23.6 C was recorded at Cilfynydd, Mid Glamorgan (S Wales), the highest Easter temperature in Wales in data from 1960.

Easter Sunday 22nd April 1984 was again very warm in the south of the UK, with 23.7 C again recorded at Rumleigh, Devon.

UK Smog Alert – The BBC has also reported on the ‘Smog alert in England and Wales‘, which follows the issuing of a warning from Defra. The high pressure system persisting over the UK is forecast to bring warm and still conditions to the UK over the Easter weekend. These conditions mean it is likely that the UK will experience a high pollution episode this weekend.  High pressure tends to trap air near to the surface allowing pollution levels to build up and with little wind there is not a great deal to move this around.

The Royal Wedding also remains of interest with the BBC looking ahead in ‘Royal wedding: What’s the weather forecast?‘.  It is still too early to say what the weather will be like in a weeks time, but you can stay up to date with our extended forecast for the 6 to 15 day period.  We will be providing a more detailed forecast on our Royal Wedding weather page from early next week and will also be providing video forecasts on the Met Office YouTube Channel.
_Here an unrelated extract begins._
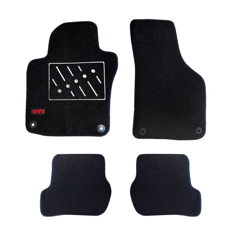 Πατάκια Αυτοκινήτου Μοκέτα Για Vw Golf 5 & 6 Με Μονό Κέντημα Gti Μαύρη Με Μαύρο Ρέλι 4 Τεμάχια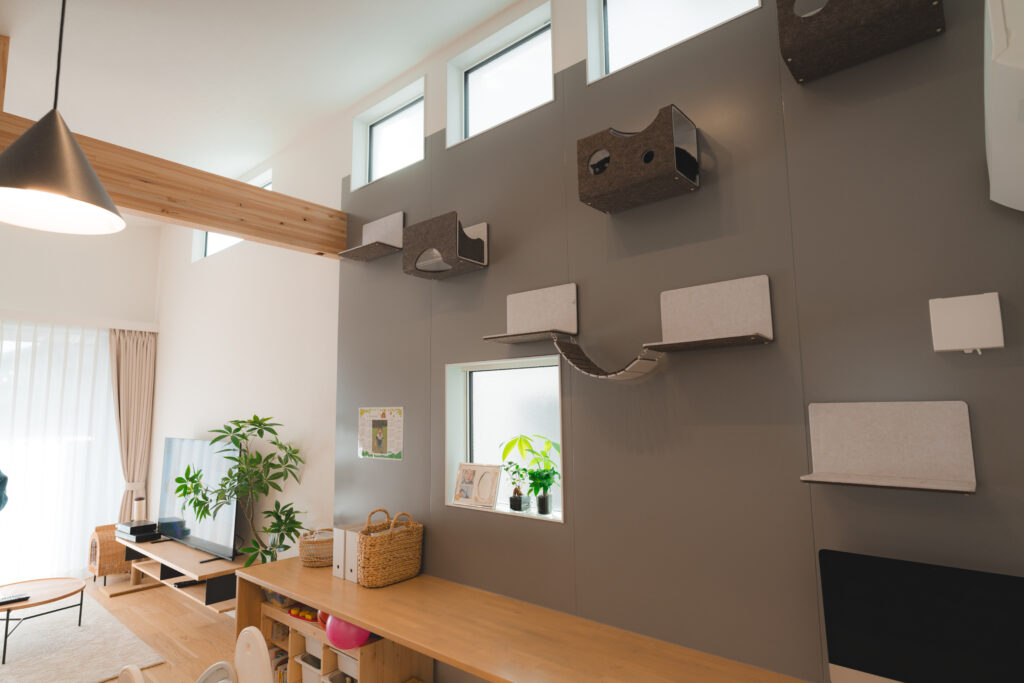 家づくりを考え始めた当初から、このご家族が大切にしていたのは、毎日の暮らしが無理なく、心地よく続いていくことでした。平屋という住まいのかたちを選び、家族が自然と集まるリビングを中心に、動線や過ごしやすさを重視した間取りを計画。日の入り方まで考えられた設計によって、室内にはやわらかな光が広がり、時間帯ごとに違った表情を見せてくれます。また、猫と一緒に暮らすことを前提にした工夫や、快適な室内環境にも配慮しながら、住まい全体を整えていきました。数ある選択肢の中で、信頼して任せられるパートナーと出会い、一つひとつの判断を積み重ねて完成した住まいです。

Met Office in the Media: 20 April 2011

20 04 2011

As the fine weather continues across much of the UK the media have focused very much on what the Easter weekend weather will be like and whether the fine and warm spell will last until the Royal Wedding.  Of course, it is just too early to give a definite forecast for London for the 29th April, but the Met Office continues to look ahead to the weather for the long weekend coming and beyond.

Today has, once again been the warmest day this year with temperatures reaching 26.2 deg C at Charlwood, Surrey. The fine weather is expected to last into the Easter weekend with many places seeing fine and sunny weather however there will be some low cloud or mist on eastern coasts and the risk of some isolated heavy afternoon showers.

The fine weather we are seeing right now certainly does not mean that it will last all the way through to the Royal Wedding at the end of next week.  The Met Office 6 to 15 day forecast provides more information on the extended outlook.

Met Office in the Media: 24 November 2010

24 11 2010

The date of the Royal Wedding caused a number of newspapers to look at what the weather may be like on the big day. Of course it is too early to provide a forecast, but we can look at what the weather has been like on previous 29th April’s.  The Daily Mail and the Telegraph covered this, explaining that there was a great deal of variability to the weather in April. Both the Evening Standard and the Daily Express believed that the Met Office had provided a forecast for the actual day.  The Evening Standard corrected their story through the day.

The impending snow and cold has also been widely covered in the media, with the BBC asking ‘Is Britain prepared for snow?‘ and the Daily Mail,, Metro all reporting on the developing cold and snow situation.

You can find out more about snow and how we forecast it on our webpage Snow Forecast on which you can submit your own snow reports that we will map to show where and when it is snowing.